▸ PROBLEM TO SOLVE: The pictures are to be omitted when the entries are reproduced exactly.

▸ ENTRIES SUPPLIED:
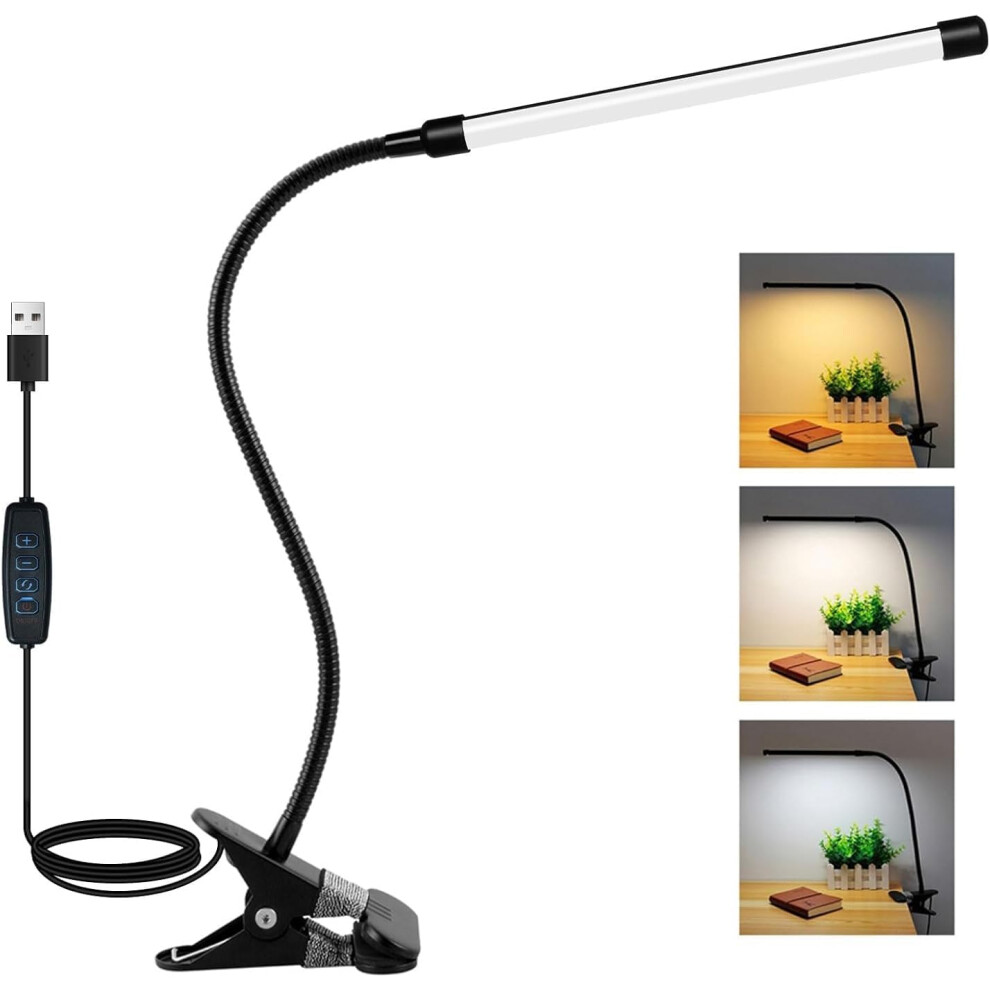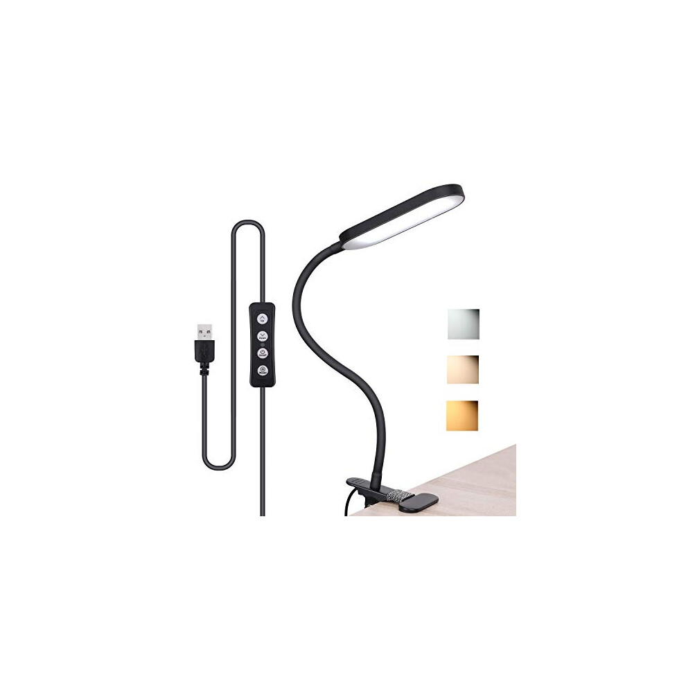 LED Clip Desk Lamp, Reading Light Study Lamp Eye Care Protection With 10 Dimmable Brightness & 3 Modes, USB Powered Flexible Gooseneck Clamp For Bed Headboard Table Office Lights, 7W (Black)
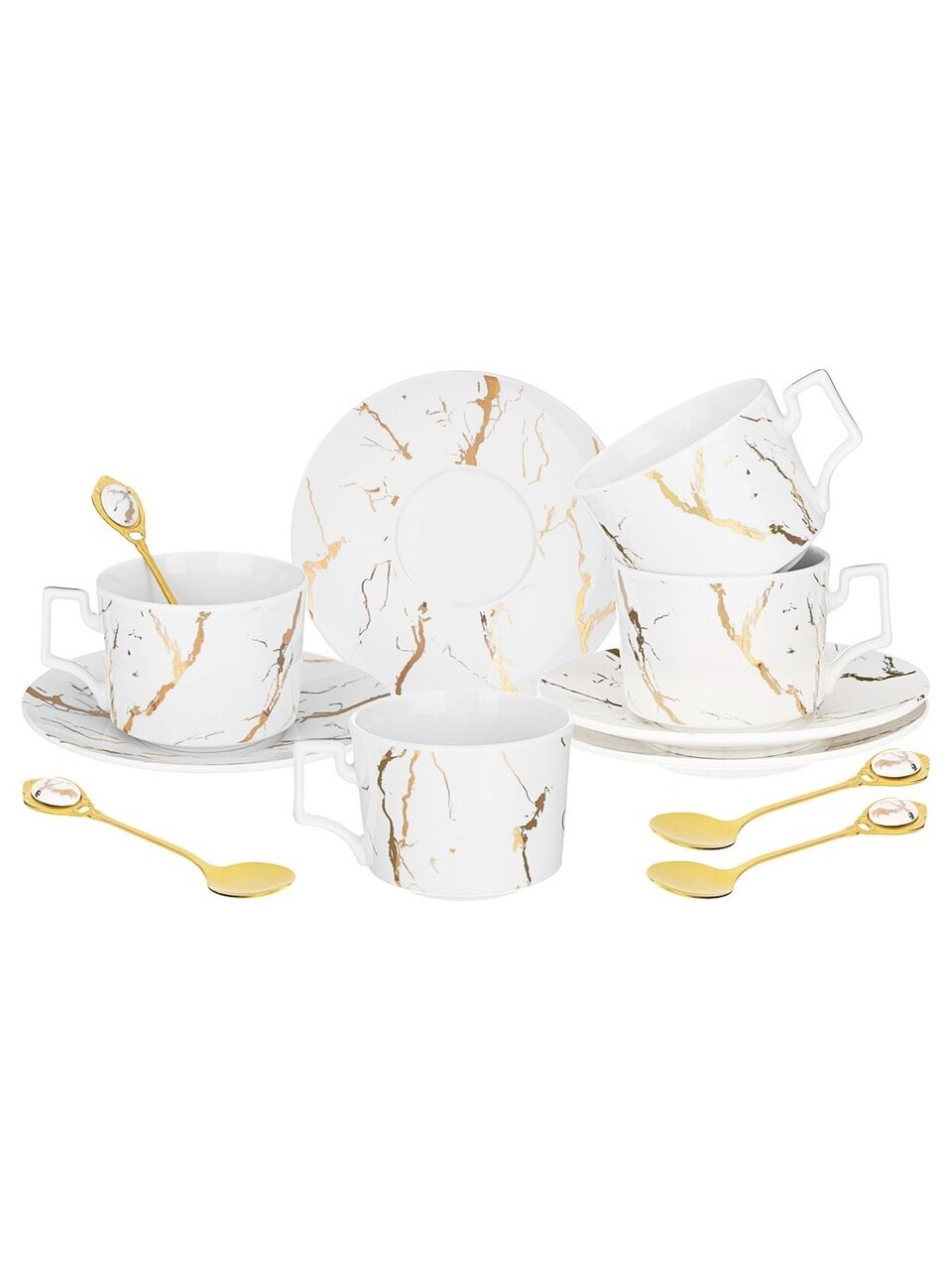 В комплекте 12 предметов, рассчитанных на 4 персоны: чашки, блюдца, ложки. Объём каждой чашки — 250 мл, материал — премиальный фарфор.
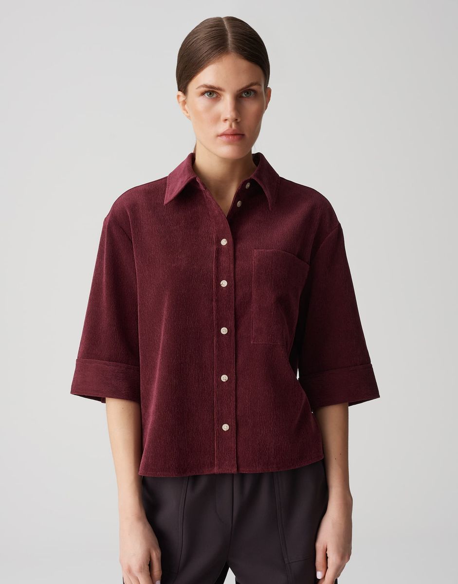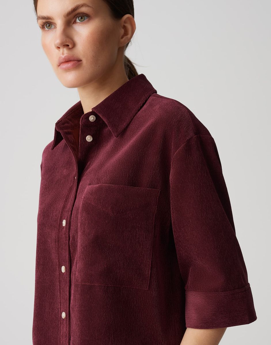 lockere Passform, leicht ausgestellt geschnitten, 3/4 Arm, Hemdblusenkragen, Rückenlänge ca. 61 cm bei Größe 36, Model Größe 175 cm – trägt Größe 36, Cord, feine Rippstruktur, weicher Griff, aufgesetzte Brusttasche, Kellerfalte im Rücken, Knopfleiste, Schlitze an der Manschette
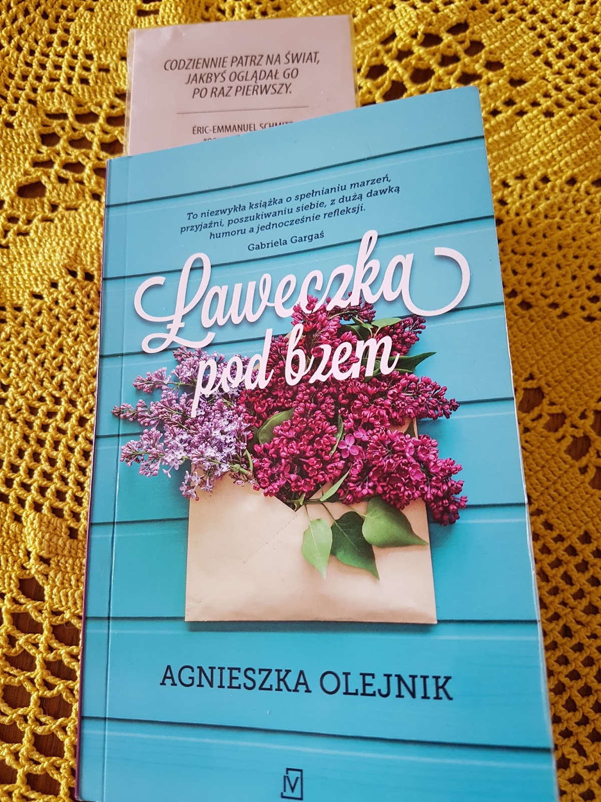 Przygotowując się do długiej tegorocznej majówki – oczywiście ze sporą ilością książek do przeczytania, postanowiłam rozpocząć ten piękny czas relaksu od „Ławeczki pod bzem” Agnieszki Olejnik.
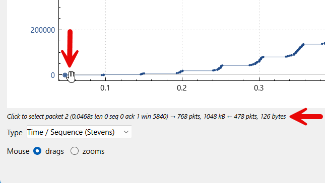 You will see the dot is circled next to the hand cursor. The italic text will tell you what packet is highlighted, followed by details as to the SEQ, ACK, and Window size. As you slide your cursor across the screen over these dots, that information is updated.

▸ YOUR RESPONSE:
 LED Clip Desk Lamp, Reading Light Study Lamp Eye Care Protection With 10 Dimmable Brightness & 3 Modes, USB Powered Flexible Gooseneck Clamp For Bed Headboard Table Office Lights, 7W (Black)
 В комплекте 12 предметов, рассчитанных на 4 персоны: чашки, блюдца, ложки. Объём каждой чашки — 250 мл, материал — премиальный фарфор.
 lockere Passform, leicht ausgestellt geschnitten, 3/4 Arm, Hemdblusenkragen, Rückenlänge ca. 61 cm bei Größe 36, Model Größe 175 cm – trägt Größe 36, Cord, feine Rippstruktur, weicher Griff, aufgesetzte Brusttasche, Kellerfalte im Rücken, Knopfleiste, Schlitze an der Manschette
 Przygotowując się do długiej tegorocznej majówki – oczywiście ze sporą ilością książek do przeczytania, postanowiłam rozpocząć ten piękny czas relaksu od „Ławeczki pod bzem” Agnieszki Olejnik.
 You will see the dot is circled next to the hand cursor. The italic text will tell you what packet is highlighted, followed by details as to the SEQ, ACK, and Window size. As you slide your cursor across the screen over these dots, that information is updated.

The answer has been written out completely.